I start the engine. “About what?”
“You name it. Does the man have a sixth sense?”
“Why are you asking?”
“Because our bug picked up on him freaking out about the Byrnes having someone working with the Feds. Now he’s getting antsy. He’s contacting everyone he knows in the pipeline. Guess whose name is at the top of their target list?”
“Fuck.” I cast a backward glance toward Kalie’s home and then gun my car down the street. “How long do I have?”
“Why?”
“I need to go home—shower, change.”
“You didn’t go home last night.” It’s a statement, not a question.
“No.” I say no more, but I don’t have to. He knows where I was yesterday, and he knows who I left with.
“Now you’re leaving her unprotected?”
“Agents are there.”
“Agents aren’t you!” he shouts.
There’s an imposing silence on the other end of the line before his voice comes out harsher than I’ve ever heard it. “Do not put my cousin in danger for a vendetta you can’t let go of.”
His words cut deeper than he’ll ever know.

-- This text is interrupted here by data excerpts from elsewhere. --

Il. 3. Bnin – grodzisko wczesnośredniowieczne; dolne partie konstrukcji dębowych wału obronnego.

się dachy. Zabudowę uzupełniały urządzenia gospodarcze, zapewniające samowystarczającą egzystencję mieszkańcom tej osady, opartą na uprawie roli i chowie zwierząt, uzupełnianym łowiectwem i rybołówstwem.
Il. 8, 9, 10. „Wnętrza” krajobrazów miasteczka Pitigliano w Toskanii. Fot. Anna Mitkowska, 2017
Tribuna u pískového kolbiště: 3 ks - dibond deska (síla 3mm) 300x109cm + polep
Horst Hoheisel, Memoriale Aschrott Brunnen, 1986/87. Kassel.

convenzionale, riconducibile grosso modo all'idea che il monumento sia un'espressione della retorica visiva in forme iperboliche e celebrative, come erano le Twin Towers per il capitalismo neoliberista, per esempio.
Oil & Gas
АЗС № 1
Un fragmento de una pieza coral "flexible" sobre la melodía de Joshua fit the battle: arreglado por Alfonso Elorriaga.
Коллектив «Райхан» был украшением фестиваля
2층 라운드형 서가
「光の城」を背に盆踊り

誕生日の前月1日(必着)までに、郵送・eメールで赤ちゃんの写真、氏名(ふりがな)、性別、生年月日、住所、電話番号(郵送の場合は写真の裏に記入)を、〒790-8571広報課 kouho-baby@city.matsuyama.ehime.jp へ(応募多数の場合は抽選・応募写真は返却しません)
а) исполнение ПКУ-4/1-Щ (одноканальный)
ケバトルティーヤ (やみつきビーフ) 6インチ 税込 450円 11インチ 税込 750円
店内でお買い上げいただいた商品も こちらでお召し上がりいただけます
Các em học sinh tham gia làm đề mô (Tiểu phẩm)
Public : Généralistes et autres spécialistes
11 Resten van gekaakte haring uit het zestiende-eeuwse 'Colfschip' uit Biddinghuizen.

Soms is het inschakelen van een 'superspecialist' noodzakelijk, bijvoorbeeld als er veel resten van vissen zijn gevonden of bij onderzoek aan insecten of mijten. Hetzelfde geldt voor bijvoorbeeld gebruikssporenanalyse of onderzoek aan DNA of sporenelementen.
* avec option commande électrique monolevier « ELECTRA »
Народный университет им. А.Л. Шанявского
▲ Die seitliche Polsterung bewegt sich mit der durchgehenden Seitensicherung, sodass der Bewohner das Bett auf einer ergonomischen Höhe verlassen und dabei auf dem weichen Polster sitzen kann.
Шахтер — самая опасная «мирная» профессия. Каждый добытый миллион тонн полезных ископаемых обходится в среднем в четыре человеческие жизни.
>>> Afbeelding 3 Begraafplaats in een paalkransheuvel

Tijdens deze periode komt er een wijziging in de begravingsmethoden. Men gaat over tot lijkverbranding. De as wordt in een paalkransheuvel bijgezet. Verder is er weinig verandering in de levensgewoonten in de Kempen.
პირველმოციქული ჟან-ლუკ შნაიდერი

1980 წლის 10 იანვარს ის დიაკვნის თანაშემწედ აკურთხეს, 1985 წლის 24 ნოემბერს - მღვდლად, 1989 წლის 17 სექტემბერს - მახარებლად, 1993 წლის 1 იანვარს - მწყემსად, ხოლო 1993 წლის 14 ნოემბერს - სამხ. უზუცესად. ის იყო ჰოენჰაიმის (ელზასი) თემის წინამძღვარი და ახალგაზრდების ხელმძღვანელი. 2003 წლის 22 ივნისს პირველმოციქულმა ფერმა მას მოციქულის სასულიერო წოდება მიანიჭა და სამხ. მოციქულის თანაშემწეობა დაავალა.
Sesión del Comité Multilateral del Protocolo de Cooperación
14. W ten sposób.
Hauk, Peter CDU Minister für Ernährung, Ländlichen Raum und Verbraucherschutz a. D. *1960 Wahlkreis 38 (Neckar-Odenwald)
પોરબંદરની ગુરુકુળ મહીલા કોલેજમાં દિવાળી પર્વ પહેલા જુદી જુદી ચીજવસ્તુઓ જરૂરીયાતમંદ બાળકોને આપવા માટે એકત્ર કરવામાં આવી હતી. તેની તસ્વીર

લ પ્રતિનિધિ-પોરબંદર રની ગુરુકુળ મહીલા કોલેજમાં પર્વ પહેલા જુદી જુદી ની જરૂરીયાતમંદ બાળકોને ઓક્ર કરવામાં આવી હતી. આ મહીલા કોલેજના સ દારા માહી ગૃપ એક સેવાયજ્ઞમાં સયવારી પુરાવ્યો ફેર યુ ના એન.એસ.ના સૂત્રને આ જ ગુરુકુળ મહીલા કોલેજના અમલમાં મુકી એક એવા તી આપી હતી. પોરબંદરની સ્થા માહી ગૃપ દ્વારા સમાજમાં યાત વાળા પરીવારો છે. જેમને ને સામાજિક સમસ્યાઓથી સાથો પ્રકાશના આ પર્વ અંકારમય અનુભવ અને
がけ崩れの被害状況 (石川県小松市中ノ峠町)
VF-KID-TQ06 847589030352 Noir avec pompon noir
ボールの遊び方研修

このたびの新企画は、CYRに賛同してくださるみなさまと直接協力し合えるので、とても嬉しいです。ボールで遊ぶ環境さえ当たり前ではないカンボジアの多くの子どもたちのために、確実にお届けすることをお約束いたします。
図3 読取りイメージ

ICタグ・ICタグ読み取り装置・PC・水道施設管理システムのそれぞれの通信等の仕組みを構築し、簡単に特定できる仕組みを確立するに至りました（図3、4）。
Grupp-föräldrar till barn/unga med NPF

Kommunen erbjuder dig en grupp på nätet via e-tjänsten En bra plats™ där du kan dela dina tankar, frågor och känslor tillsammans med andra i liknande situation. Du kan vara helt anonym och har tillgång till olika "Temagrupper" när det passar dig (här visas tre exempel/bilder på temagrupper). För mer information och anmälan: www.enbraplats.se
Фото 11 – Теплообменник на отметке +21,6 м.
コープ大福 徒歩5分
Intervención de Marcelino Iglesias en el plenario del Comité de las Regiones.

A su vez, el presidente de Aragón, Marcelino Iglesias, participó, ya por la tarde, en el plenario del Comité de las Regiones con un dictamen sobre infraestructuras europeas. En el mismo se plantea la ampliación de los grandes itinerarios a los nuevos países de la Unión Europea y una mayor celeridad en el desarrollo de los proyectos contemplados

I pray to God Jon will never understand the conflicting need to make sure Kalie’s safe before wrapping up my past so I can become the man she needs. Once I do, I can let this go. I’ll never have to go down this dark path ever again.
But we agree on one thing. Kalie’s in more danger the longer we all take part in this clusterfuck. The longer I’m out of touch, the riskier it is for everyone.
I have to shut the pipeline down.
Now.
Ignoring his bitching, I disconnect the call. Less than half an hour later, I’m at my apartment. Shoving my keys into the lock, I curse when they scrape the door instead.
I hadn’t realized how badly my hands were shaking.
I can’t let it all fall apart when I’m this close. If it does, she’ll be in danger regardless of what everyone wants to believe.
Inside, I shower quickly—even as water splashes off my body, I can still feel the touch of Kalie’s skin against mine. I can hear her voice in my head, a haunting reminder of the night before.
But now I have to focus. I have to shove the sharp pain aside. I have to shove her aside. I have to shove everything aside other than this final push to ensure Sal hasn’t figured out who I am.
Because knowing they’re coming for Kalie makes this mission even more critical than it was before.
Now, I’m not just tying up my past. I’m trying to save my future.